It was a different time. I like to think I'd enjoy working with that stuff again, but it's getting 50+ years old and things are just starting to fail because they fail.

[–] 1 pt

And most of it had likely been bandaided, "held together with bailing twine", stripped of parts to make another system work ... that's where we were in the mid 1980s with a number of perfectly fine old test platforms that occupied 25% of the test floor. I mentioned DICOMs in a previous thread of yours a few weeks ago. They were essentially digital cassette readers that read the compiled test program and loaded it into the wire wrap core memory of the test systems. Those DICOMs were the weak link and spare parts discontinued. The equipment techs would scavenge every decent part off the junk DICOMs to maintain the working units. Each system had to have it's own DICOM in the manufacturers configuration.

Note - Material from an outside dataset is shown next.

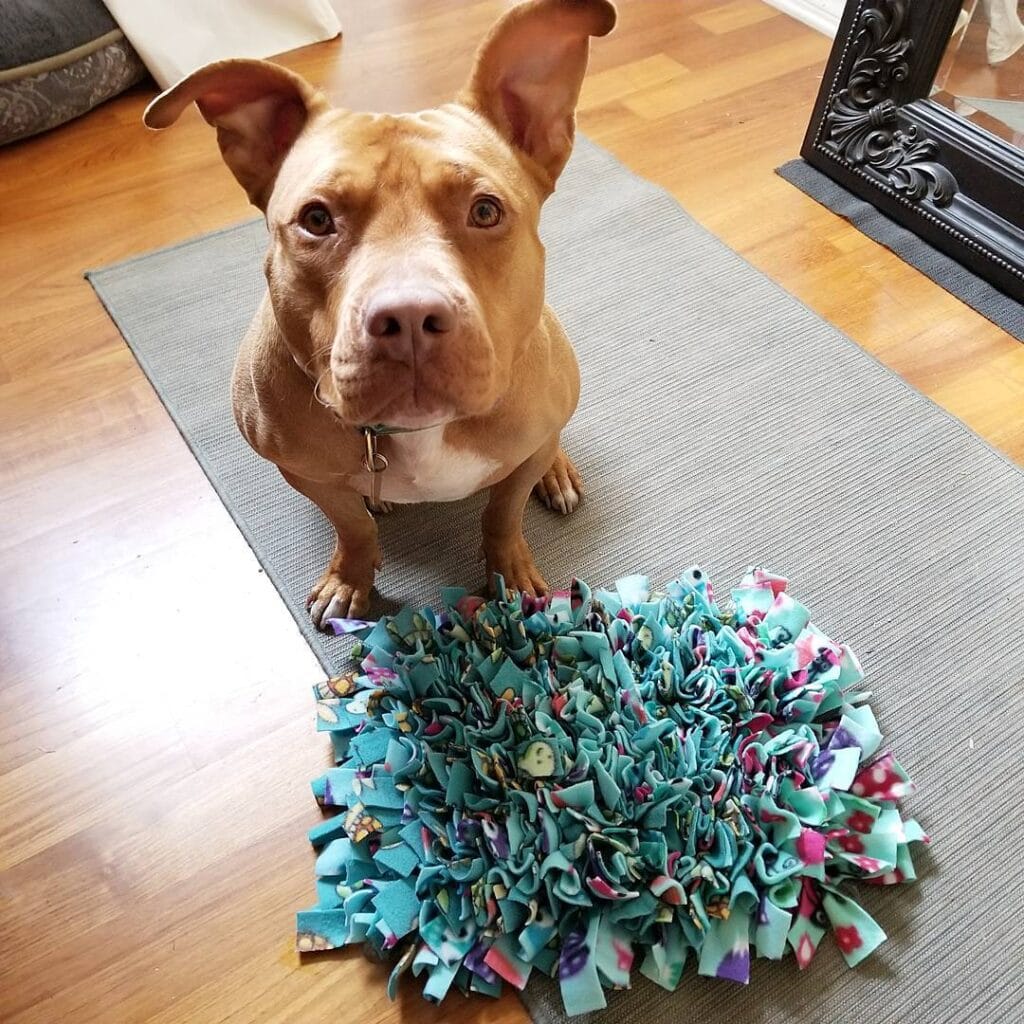 Mix patterned and solid fleece strips — it makes the mat visually dense, which hides kibble better and keeps your dog rooting around longer.

I created a central loader system, had to sniff all the test programs as they were being read/transferred to the core because there was no other way to read them from the proprietary cassette and file format. The HP Instrument controllers were great for stuff like this. Once I had the library established, the rest was mostly writing code to support the central loader setup. At the time that seemed like a major leap forward in technology. I saved the company a lot of money, increased throughput and equipment utilization with dramatically reduced downtime using equipment we already owned. I would not want to be working with that old crap today.